Deutschland war vor 1918 eine konstituelle Monarchie, d.h., der Monarch/die Monarchen hatte letztlich die Macht, sie war nur (etwas) eingeschränkt. Erst Ende 1918 entwickelte sie sich zur parlamentarischen Monarchie, in der allein das Parlament die Macht hat und nicht der Monarch. 1919 dann wurde die präsidial-parlamentarische Weimarer Republik gegründet, in der sowohl der Präsident (der die Rolle des - vordem nicht wählbaren - Monarchen einnahm) als auch das Parlament (und zwar beide Kammern, nicht nur eine) durch allgemeine Wahlen bestimmt wurden.

Vor 1918 war die Regierung allein vom Vertrauen des Monarchen abhängig, das Parlament konnte da herzlich wenig machen, es konnte - auf Betreiben etwa der Regierung - sogar vom Monarchen bzw. den Landesfürsten (über den Bundesrat) aufgelöst werden.
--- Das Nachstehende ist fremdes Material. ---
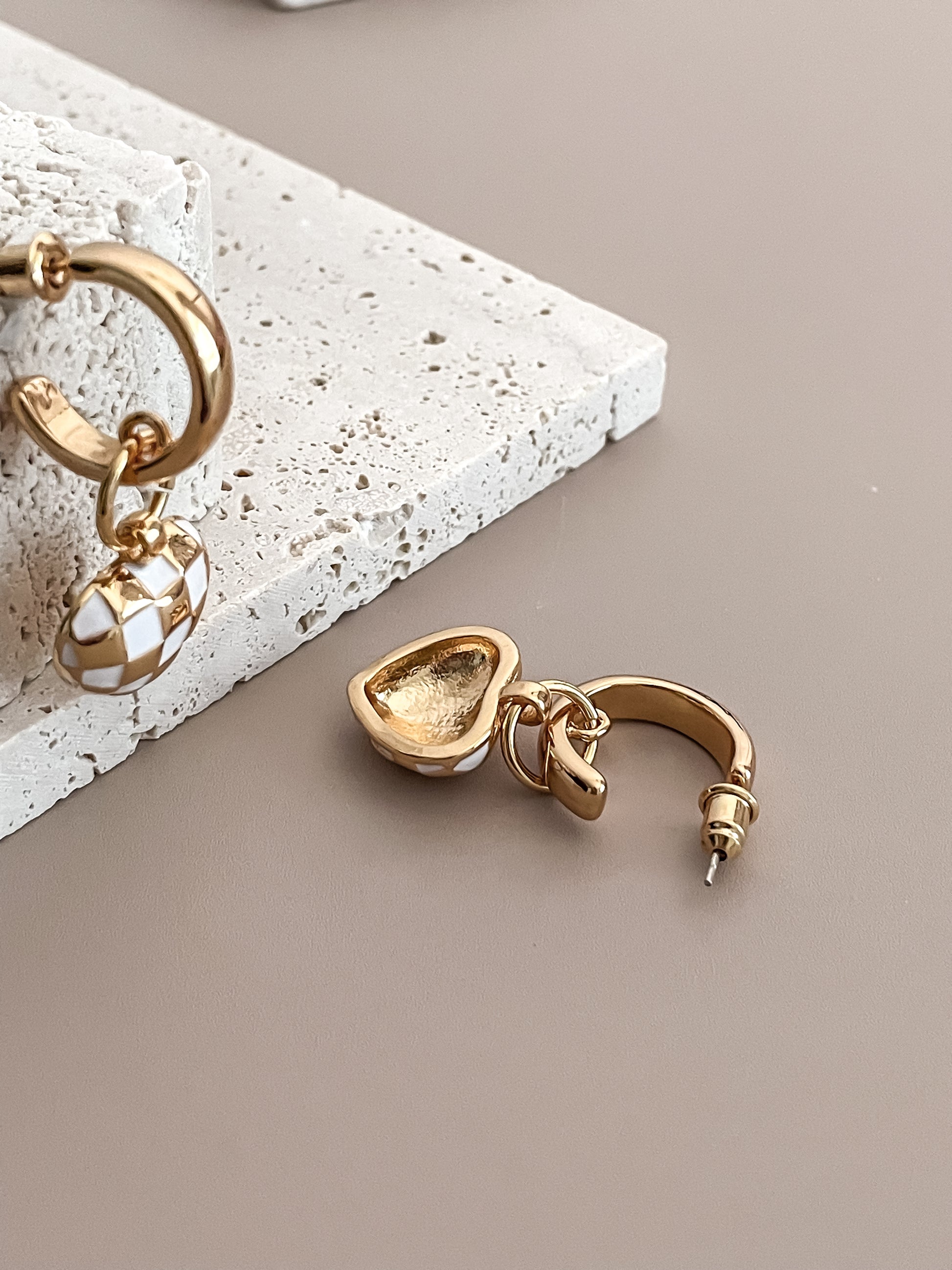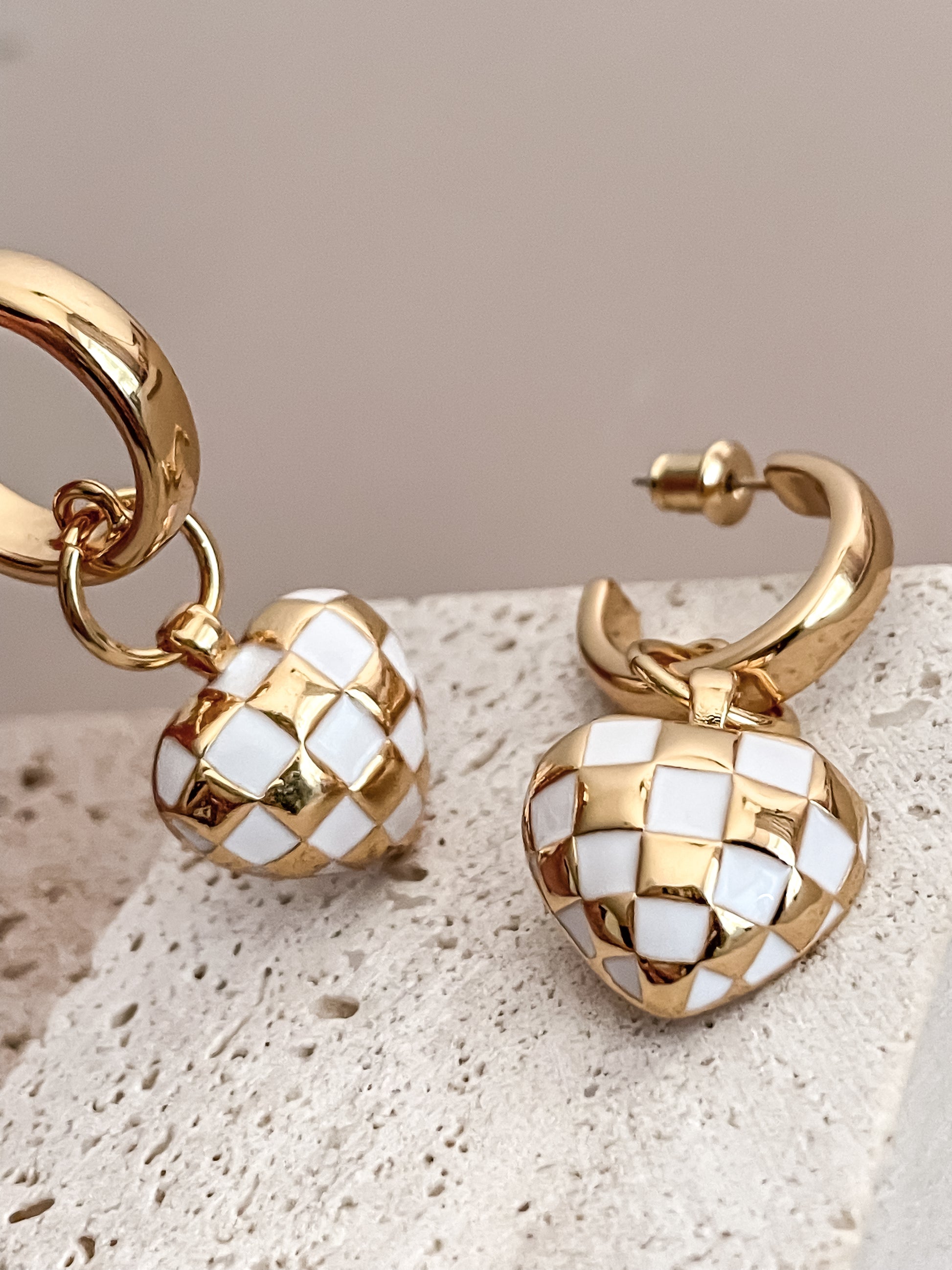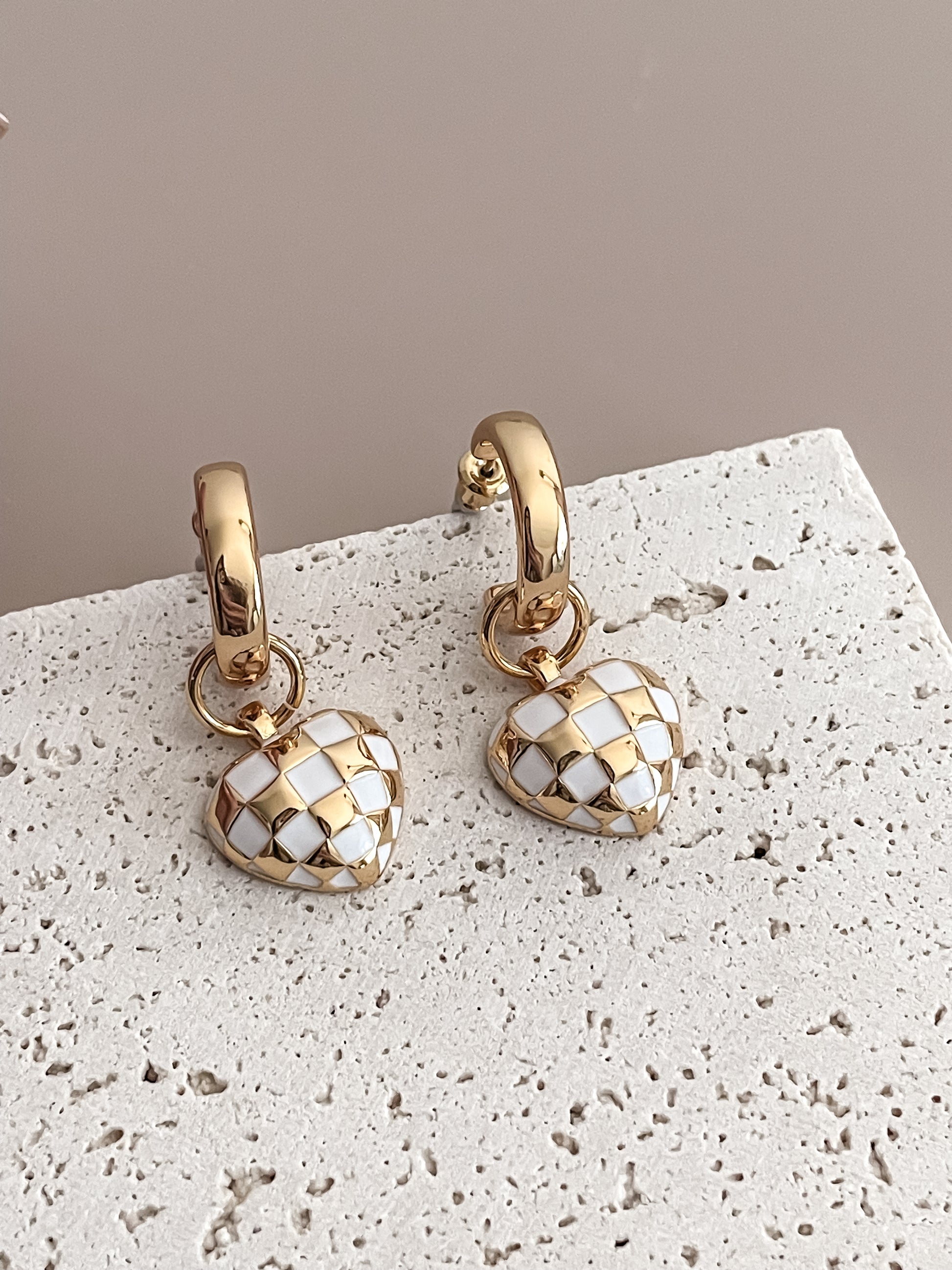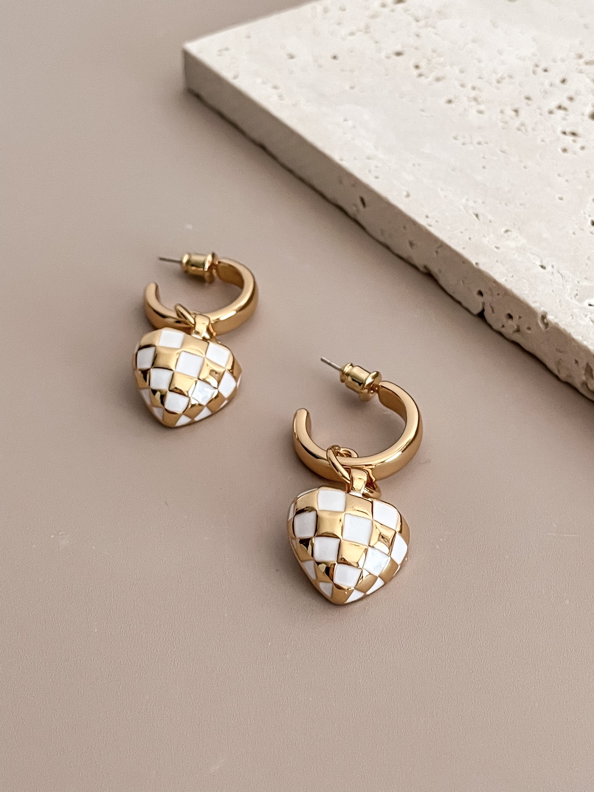 White Checkerboard HeartC-shaped Earrings

Mit anderen Worten: Das allgemeine Männer(teilweise Zensus-)wahlrecht war vor 1918 einen feuchten Dreck wert. Nicht der Reichstag (von der Bevölkerung bestimmt), sondern der Bundesrat (von den Reichsfürsten bestimmt, nicht von den Länderparlamenten) war oberstes Staatsorgan. Der Kaiser hatte Rechte, die heute ausschließlich dem Bundestag zustehen, er konnte sogar eigenmächtig Kriege erklären.

Der Reichstag hatte keine echte Macht, er war lediglich eine Art Sprachrohr des Volkes, auf das aber keiner hören musste, ähnlich einer unverbindlichen Umfrage. Wilhelm II. nannte ihn darum gar "Reichsaffenhaus".

Nicht die Frauen erhielten 1919 erstmals das Wahlrecht, sondern Männer und Frauen.